Malone tugs on the collar of his shirt. His clothes feel like they’re suffocating him.
“What’ll happen to you when you go back?” he says.
Luz smirks at him like he’s dense. “What do you think?”
He’s not going to give her false hope, doesn’t want to insult her that way. He can see in her eyes that she knows what she knows.
“Will you do me one favor?” she continues. “Will you stay with me until I find out where they want to meet and then drive me there?”
“I’ll stay with you as long as you need me,” Malone says.
She reaches over and lays a hand on his thigh.
“You can have the money back,” she says. “And if you want, I’ll…”
Her voice trails off, and the unspoken offer fills Malone with sadness.
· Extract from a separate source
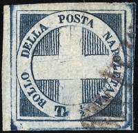 1860 - "Trinacria" 1/2 t. azzurro - Cert. Bolaffi e Diena
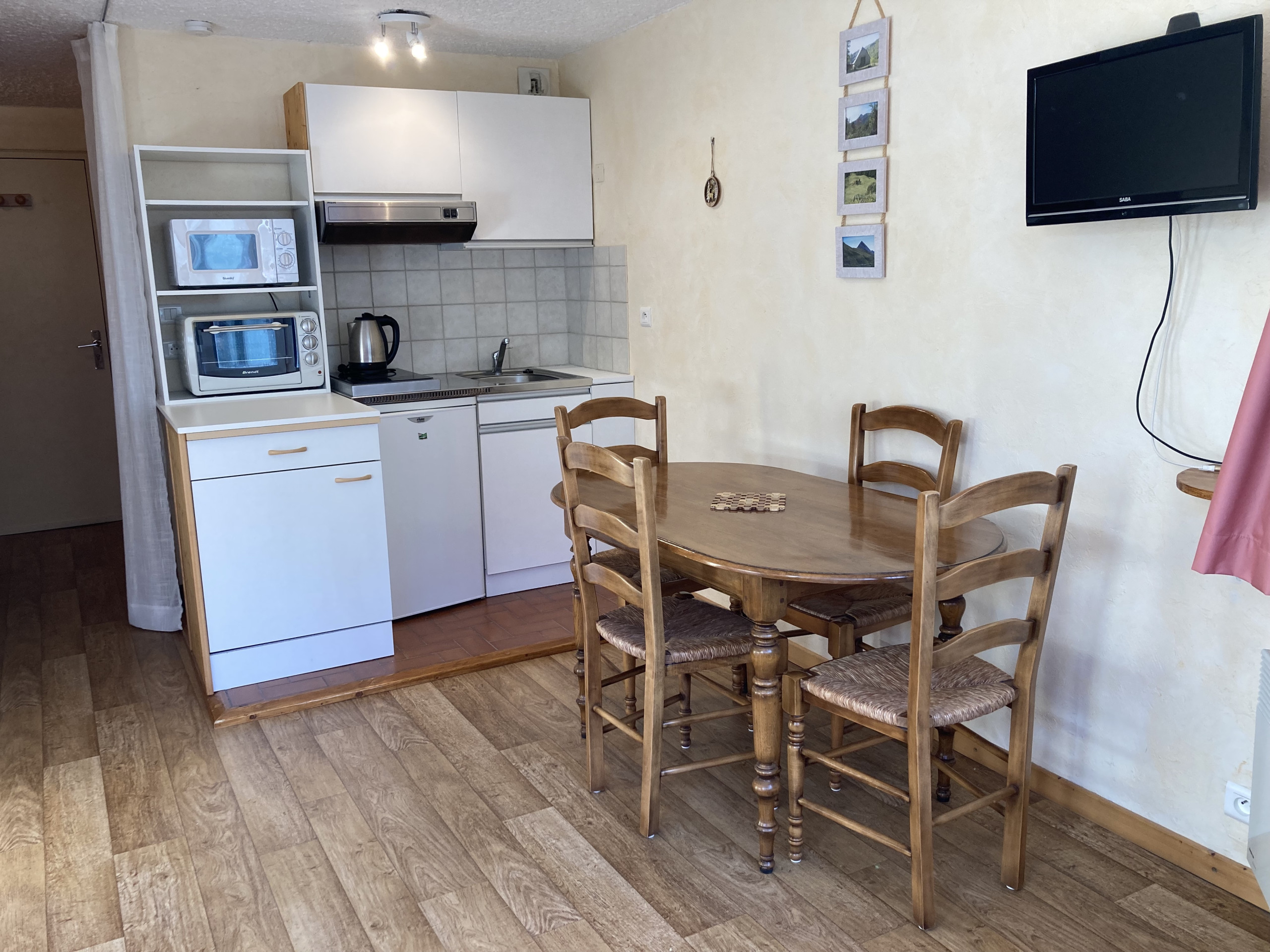 Un espace salon cuisine ouverte vous permettra de passer les moments de vie quotidienne confortablement. Le canapé y est convertible en 140x190.

Putting his hand over hers to keep it from sliding any higher, he says, “Don’t.”
Luz pulls away, her embarrassment coming out as anger.
“Sorry,” she snaps.
“There’s nothing to be sorry about,” Malone says. “It’s just that you don’t have to do that to keep me around.”
Luz can’t look at him while she processes this, stares out her window instead. Eventually she gets herself together and takes the napkin that Carmen gave her from the pocket of her hoodie.
“So can I use the phone?” she says.
Malone passes it to her, and she punches in the number written on the napkin. He gropes under the seat for the vodka, opens it, and has a swig. Inside the Laundromat, mama is mad at the kids playing with the cart. She lifts the girl out and sets her on the ground and swats at the boy, who laughs and runs away. Malone closes his eyes. He can’t watch anymore. He’s done with this world, has been for years. He closes his eyes and listens to the beeping of the phone as Luz calls up her doom.